Труды по россиеведению. Выпуск 3
Шрифт:
Конечно, этот гимн коррупции как возрождению общества по крайней мере странен. Ведь мы знаем: это болезнь общества. Кстати, Безансон этого не отрицает. Но болезнь коммунизма, настаивает он, есть, пусть и идущее «окольным путем», выздоровление общества. Что же, не будем (пока) оспаривать эту «негативную диалектику». Тем более сам автор мгновенно снижает пафос гимна «животворящей» коррупции: «Однако это возрождение принимает столь разнузданные формы, что у нас возникает искушение позаимствовать у Маркса не только его громоподобные нападки на подобную систему, но даже его методы анализа. То, что процветает в Азербайджане (как мы знаем, и во всем СССР. – Ю.П.) под застывшей коркой социализма, – разве это не капитализм эпохи молодого Маркса, «дикий» капитализм? Ни во времена Гизо, ни Пальмерстона рыночная экономика не охватывала такого количества различных секторов, которые даже в годы наивысшего разгула свободной конкуренции и свободы торговли
Далее А. Безансон говорит, что все это напоминает начальный процесс формирования капитализма – марксистское «первоначальное накопление». «В самом деле, ученый автор «Капитала» не преминул бы подметить докапиталистический и даже «феодальный» характер советской экономики.

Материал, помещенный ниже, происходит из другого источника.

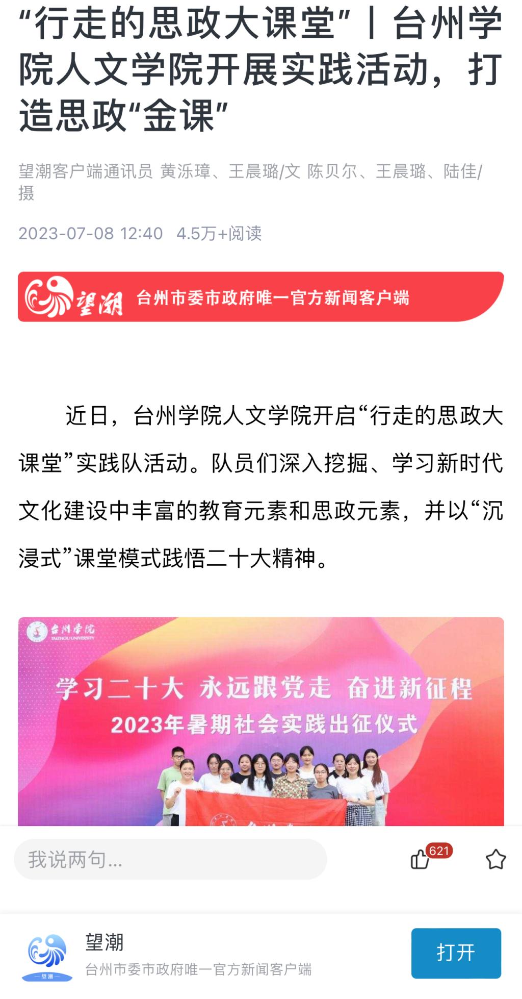 近日,台州学院人文学院开启“行走的思政大课堂”实践队活动。队员们深入挖掘、学习新时代文化建设中丰富的教育元素和思政元素,并以“沉浸式”课堂模式践悟二十大精神。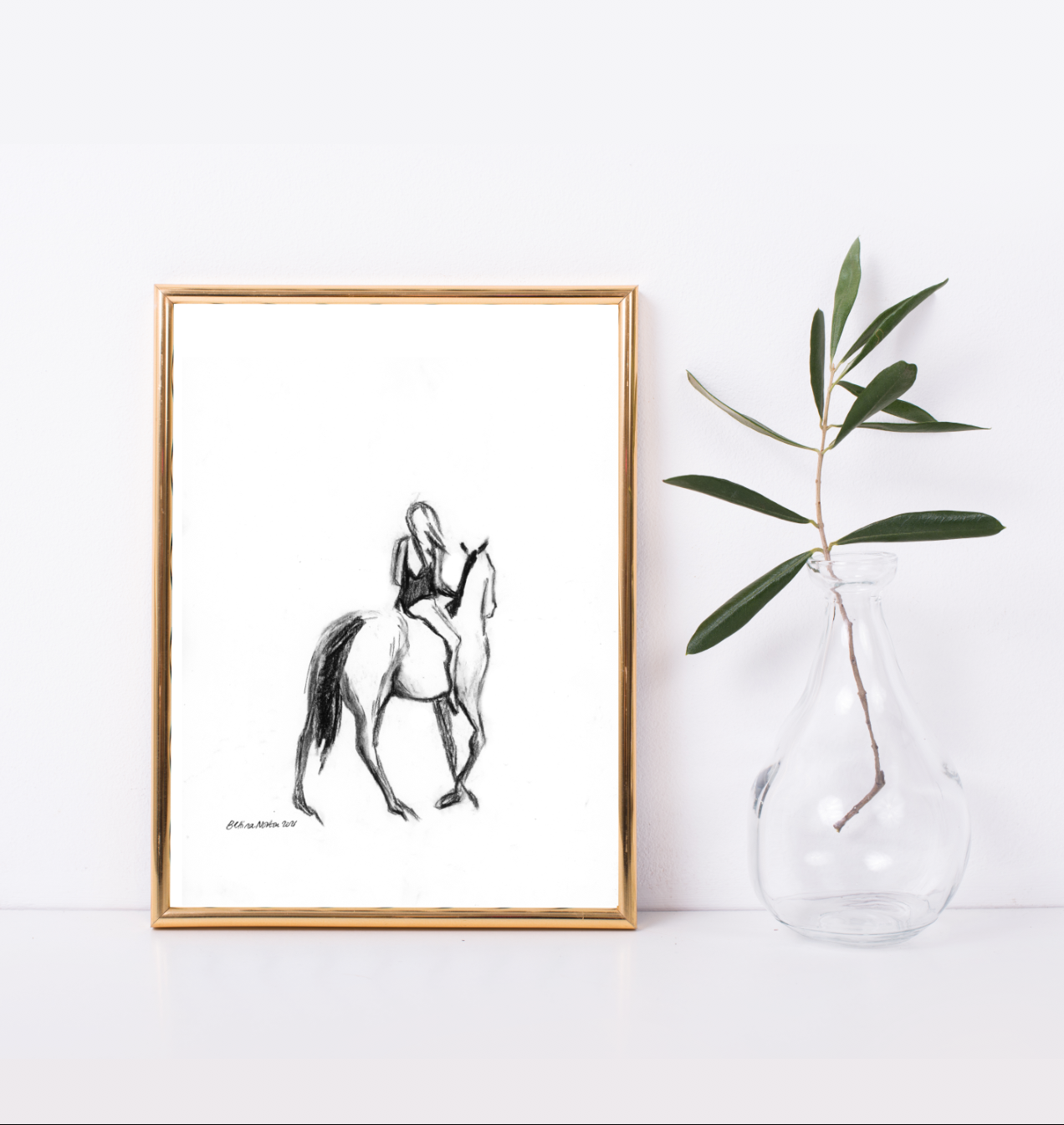 This is a part of the Horse Girl Series. A collection that features connected riders, simple lines, and the gentle relationship that makes our bond with horses so special.

Разумеется, существует также и целая система хитроумного бухгалтерского учета, «проведения» денег по другой статье, фиктивных счетов и накладных, которая, как иногда может показаться, сближает эти операции с «современными методами» уклонения от уплаты крупных налогов и подпольным бизнесом американской мафии. Однако в советской системе доминируют архаические черты, и главная из них – это то, что Маркс назвал «феодальными поборами». Действительно, согласно марксистской доктрине, капитал должен возникать по перераспределению в результате «свободной игры» факторов рынка, а не за счет изъятий в процессе внеэкономического принуждения. Однако азербайджанский (т.е. советский. – Ю.П.) капитализм существует за счет собственного паразита – партии, которая взимает с него феодальную дань на всех уровнях» (там же).
И потому, подчеркивает французский исследователь, «торговцы (или, если угодно, спекулянты) не смогут оформиться в самостоятельный класс. Партия бдительно следит за тем, чтобы их деятельность оставалась противозаконной, и пользуется ее противозаконным характером, чтобы безжалостно грабить их же спекулянтов… Более того, для партии было бы весьма заманчиво взять эту подпольную экономику под свое начало. Однако по мере того, как она проникает в глубь этого рынка, рынок проникает в нее. Партийная иерархия, вместо того чтобы подчиняться своим собственным принципам, начинает подчиняться законам, управляющим системой купли-продажи должностей. Теперь уже не только технические должности (ректор университета, председатель колхоза) или должности, связанные с аппаратом власти (в системе судопроизводства и в милиции), оказываются включенными в эту систему – рыночную стоимость приобретают внутренние посты в самой партии (секретарь обкома, райкома и т.д.). Нравы внутри партии заражаются стилем экономического «подполья» и в результате смягчаются и цивилизуются. Между партийными товарищами устанавливается нечто вроде солидарности и неписанные корпоративные законы преступного мира, подобные тем, которые управляют поведением американских «мафиози»… Возникает острая политическая проблема.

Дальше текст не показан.